The Trade Desk took its Unified ID solution and made it encrypted with Unified ID 2.0 – a free, open-source framework that uses hashed and encrypted email addresses. Unlike its initial Unified ID, the new version won’t rely on third-party cookies.

How it works: a website prompts website visitors to provide their email address by logging into the site. Then the website visitor receives information about why and how their data will be used. An SSO provider can help a publisher translate the email used during the login into a Unified ID 2.0. Then, a publisher can make the Unified ID 2.0 one of the IDs they support in the bidstream for available impressions across their properties.


FLoC, or “Federated Learning of Cohorts,” is a Google initiative that uses browser data to group Chrome users into cohorts that advertisers can target. With the release of Chrome 89, Google builds on their previously introduced TURTLEDOVE proposal with an experiment titled FLEDGE. The proposal intends to enable retargeting in a world without third-party cookies, using data stored and processed on-device.

Within the FLoC proposal, the Chrome browser determines which cohort a user belongs to based on their browsing behavior. The goal is to keep cohorts large enough to prevent micro-targeting. On the other hand, FLEDGE enables advertisers, publishers, and ad tech providers to add users to interest groups they define.
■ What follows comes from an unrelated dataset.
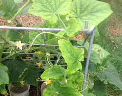My cuke still has new growth and has put out a bunch of blooms and 2 cucumbers developed.

Here’s how that works: A company puts a snippet of code on their website that assigns users to an interest group. The Chrome browser then stores membership to that group, and only in the browser. The interest group owner defines the advertisers or ad networks that can bid on the group(s) they create. When someone visits a site, a publisher can run an on-device auction for advertisers targeting an interest group. The difference is that the ad auction takes place in the browser instead of an independent ad server.

A first-party solution to a third-party problem

Regardless of which solution brands and publishers choose, one thing is clear: They’ll inevitably need to build up their first-party data footprint to survive.

That means they need to double down on direct-to-consumer channels, like email, and build those one-to-one relationships with their audiences. This way, they can collect data straight from their consumers, improve campaign targeting, and not only survive in a cookieless world but actually be better for it.